Hopefully, dear reader, the weather where you are is nicer than the weather where I am. Should that be the case, mayhap you are gearing up to patio-grill some foodstuffs for dinner this evening — delicious flank steaks or cheesy broccoli in foil packets or build-your-own kebabs.
Before doing so, however, please consider abandoning your fancy foodtsuffs and your weak-ass grill in favor of building yourself a new Baseball Monster Grill using the following schematic.
The grill is portable, so that you can easily wheel it around your cul-de-sac, frightening neighborhood child and suburban rodent alike (who would likely try to steal your grill-things as you cooked them!). Use the Grill to clear the area of such pests before proceeding with preparation of the food. The wheels and handles also facilitate travel by airplane or motorbus, or a quick, evasive maneuver into an alleyway (zero turn-radius).
You might be compelled to ask, upon viewing this schematic, “Why would a baseball have a bat in its mouth?” It does not. Instead, that is a fifth of whiskey, built to the scale of the baseball’s face, fueling it with the menace necessary to frighten the aforementioned children and rodents. The whiskey also fuels the brain-flames of the Baseball Monster Grill.

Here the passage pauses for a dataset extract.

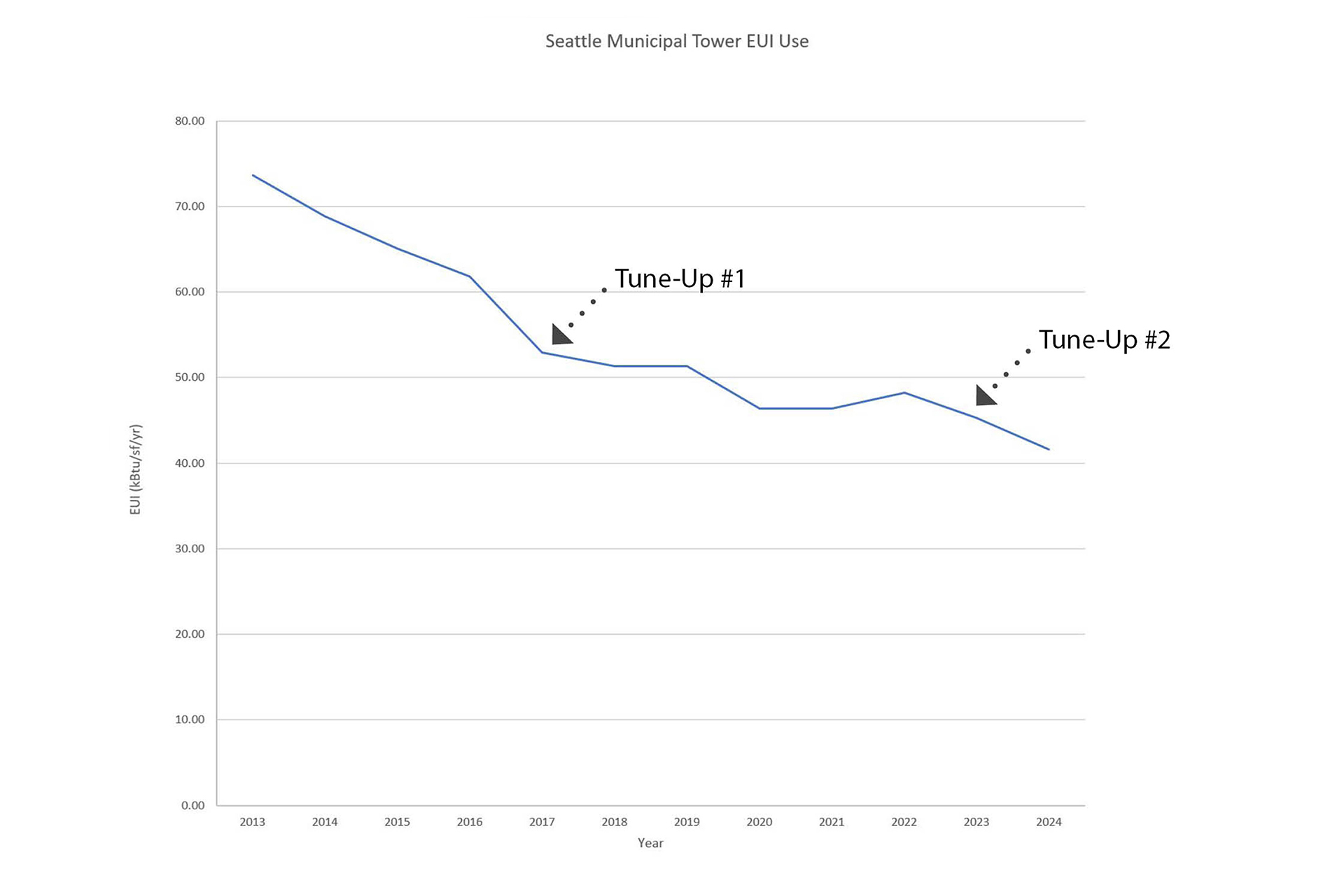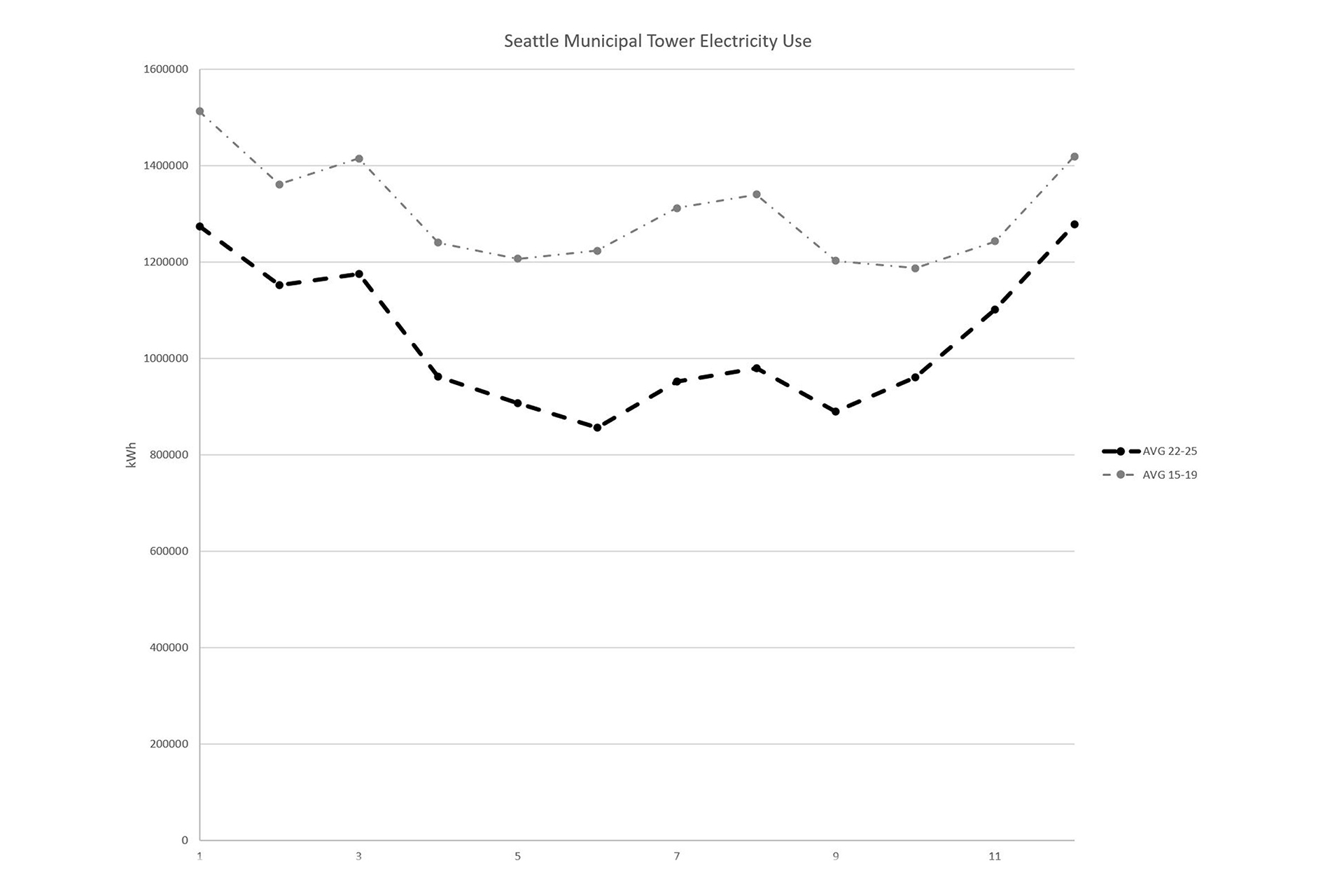 As part of the City of Seattle’s broader Municipal Portfolio Energy Performance & Decarbonization efforts, Ecotope has supported the Seattle Municipal Tower—a 1,000,000 SF high-rise office building—in achieving meaningful energy savings and full electrification. Through two building tune-ups (in 2017 and 2023), Ecotope identified and helped implement low- and no-cost operational improvements that significantly reduced energy use without requiring major capital investment. These measures, including controls optimization, lighting upgrades, and equipment scheduling, laid the groundwork for deeper decarbonization efforts. Over time, strategic system replacements—like a chiller plant upgrade and server room decommissioning—contributed further efficiency gains.

Also please notice in the schematic: the Drunken Baseball Monster Grill is meant to grill in-can Chef Boyardee products and loose potato chips ONLY. Attempting to grill anything else will result in annihilative mutiny on the part of the Grill Monster. Should you bring that fresh tuna steak from Whole Foods within five feet of it, it will turn on you the way you previously turned it on the pests of the neighborhood.
This has been Your Friday Grill.
As for your Friday Bill, please allow me to (re)introduce more horror into your lives, readers: Billy Koch, a talented relief pitcher, you’ll remember, had his career ended early (at age 29) by the mysterious Morgellons disease.
This has been a very-appetizing-indeed Friday Grill & Bill.